“O livro perde sua razão se fechado”
Nós vivemos rodeados de leitores analfabetos como aponta Leonardo Boff na seguinte passagem: “O pior analfabeto é aquele que sabe ler, mas não tem paciência para ler. Falta-lhe tempo”. Seguindo Boff ressalta: “A leitura nos dá um tempo que nunca teremos. O tempo de ouvir o que de fato pensamos ser e somos ... A leitura não pode ser dinâmica. Deve ser lenta ... Lenta e intensa como uma noite de amor. Lenta e inesquecível como a contemplação de uma cachoeira gigante. Lenta e estimulante como uma oração na catedral da alma... A liberdade de pensar não é um meio com o qual atingimos uma liberdade maior. A liberdade de pensar é um objetivo com o qual atingimos a própria liberdade de existir...” (Leonardo Boff, O despertar da Águia, 209).
Adriano, personagem de Youcernar lembra-nos que: “Um homem que lê, pensa ou calcula, pertence a espécie e não ao sexo; nos seus melhores momentos ele escapa, inclusive, ao humano” (Marguerite Yourcenar, Memórias de Adriano, 70).
Para circunstâncias como a nacional, em O Leitor Criativo, Gabriel Perisse ensina: “... Uma sociedade que deseja recompor-se precisa construir uma linguagem nova em folha, própria dos que redescobrem a pureza do sexo, a ousadia da gratidão, a aventura da gratidão, as exigências do trabalho, a verdadeira função do lucro, o papel da universidade etc... Uma pessoa que deseja expressar-se com mais criatividade e bom senso deve seguir o conselho de Clarice Lispector que, escritora e dona de casa, segredou certa vez: “Todos os dias, quando acordo, vou correndo tirar poeira da palavra amor”. (Gabriel Perisse, O Leitor Criativo, Ômega Editora, São Paulo, 2001, 10, 15-16).
A leitura exige um esforço de conquista, pois “todo livro é como uma fortaleza que não pode ser conquistada por fora. Do contrário, acharíamos ser suficiente a leitura que nos obrigam na escola.” (Boris Gunjevic, Todo Livro é como uma fortaleza: a carne foi feita verbo. In ZIZEK, Slavoj; GUNJEVIC, Boris. O sofrimento de Deus, Invenções do Apocalipse, p 109.) Assim: “Não se pode obter nada de uma leitura feita sob pressão. Se todo livro é uma fortaleza, eles precisam ser conquistados por dentro: é preciso haver o desejo de dominar o texto com uma intenção subjetiva. Somente esse tipo de leitura se torna uma luta de classes, e dizemos isso com uma pitada de anacronismo irônico.
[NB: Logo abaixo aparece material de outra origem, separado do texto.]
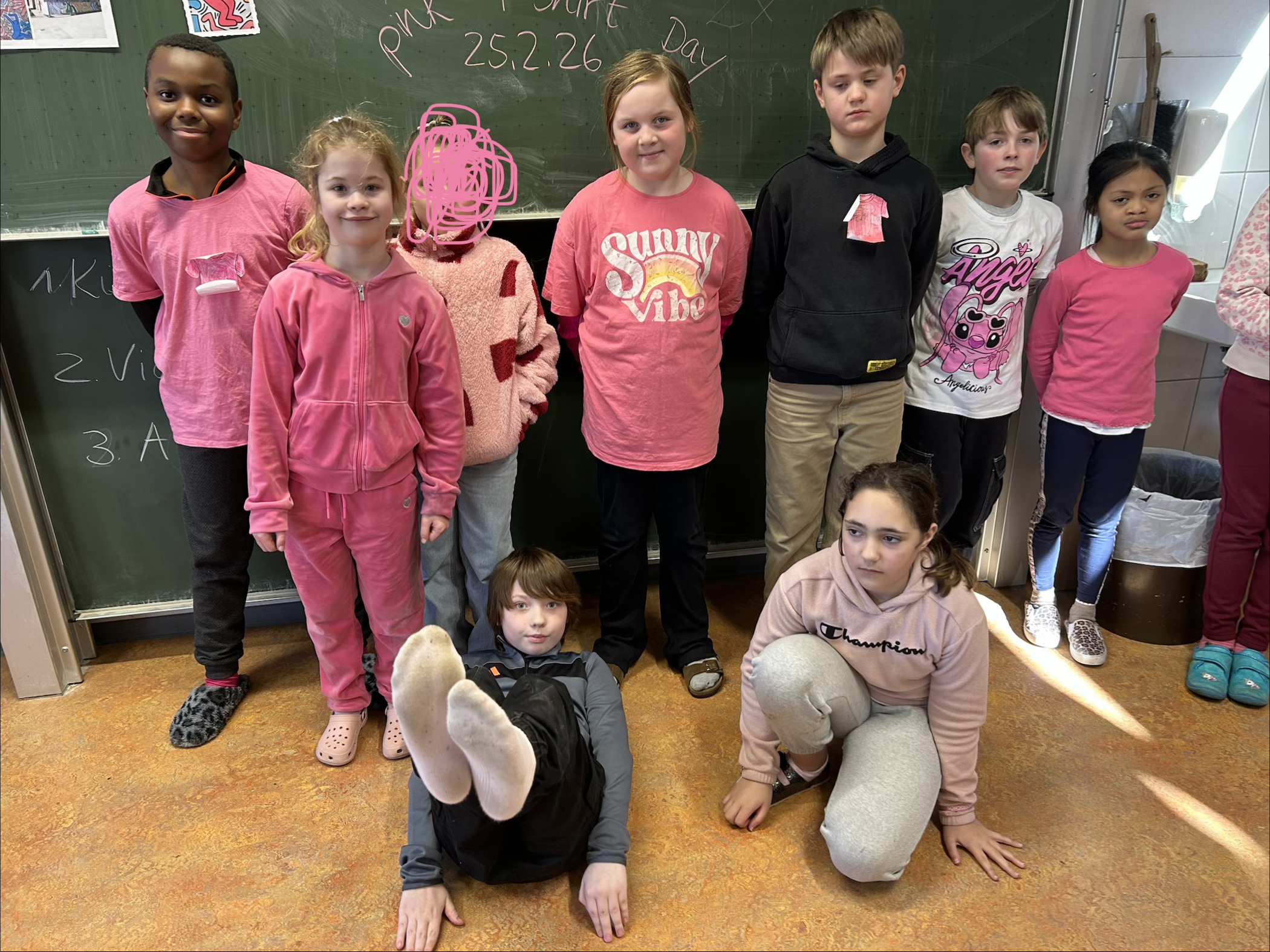 Heute, am 25. Februar, hat unsere Schule deutlich gezeigt, was uns wichtig ist: Zusammenhalt, Respekt und das sichere Gefühl, dazuzugehören. Mutig trugen alle als Zeichen dafür etwas Pinkfarbenes – von T-Shirts und Pullis über Haarspangen, Bändchen und Hosen bis hin zu Socken.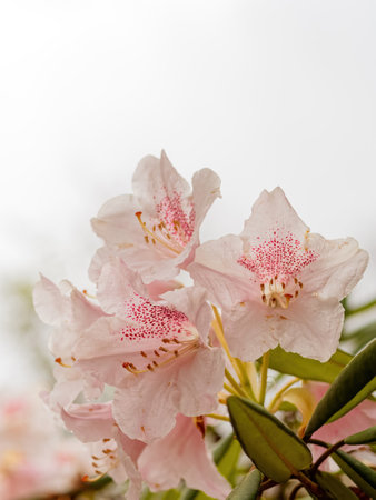 Delicate pink rhododendron blossom in soft sunlight, highlighting natural beauty

Daí a leitura ser primordialmente uma forma múltipla de comunicações e um locus de lutas ideológicas, como sempre foi dito por Roland Barthes... Ler numa época dominada pela “imagem” não é algo que se faz nas horas vagas, ou como privilégio de uma minoria dominante, mas antes como prática diária de resistência aos sistemas interligados de poder e controle. É por esse motivo que estratégias de leitura se tornaram categoria fundamental das estratégias políticas...”
Neste sentido, Paulo Freire lembra que “a compreensão de um texto não é algo que se recebe de presente. Exige trabalho paciente de quem por ele se sente problematizado” (Paulo Freire, Considerações em torno do ato de estudar, em Ação Cultural para a liberdade e outros escritos, p. 14).
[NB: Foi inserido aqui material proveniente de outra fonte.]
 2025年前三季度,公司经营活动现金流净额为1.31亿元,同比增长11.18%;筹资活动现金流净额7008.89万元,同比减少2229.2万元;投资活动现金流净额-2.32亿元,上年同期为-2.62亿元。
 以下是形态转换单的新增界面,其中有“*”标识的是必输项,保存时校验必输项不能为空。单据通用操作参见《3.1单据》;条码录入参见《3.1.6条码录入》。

Rodner Lúcio explica que “o sentido de um texto não está no texto, não está no autor do texto, está no leitor do texto, munido de seus filtros existenciais.” De tal modo, “é preciso considerar os modos como as pessoas leem o mundo, dão significado às suas práticas e relações, como se explicam e se situam nas teias de relações em que se inserem.” Nesta dinâmica, muitas vezes, “uma coisa é o que o autor escreve, outra coisa é o que o leitor apreende.” Daí que, “nem sempre a leitura “liberta”. A leitura também cega, reforça obscurantismos.” (Euripedes dos Santos).
Uma revolução não se faz sem livros: “Sem leitura promovemos muitas passeatas, mas nenhuma revolução” Rodner Lúcio. Mas uma leitura desencarnada, que não considere “a leitura de mundo do leitor”, apenas domestica.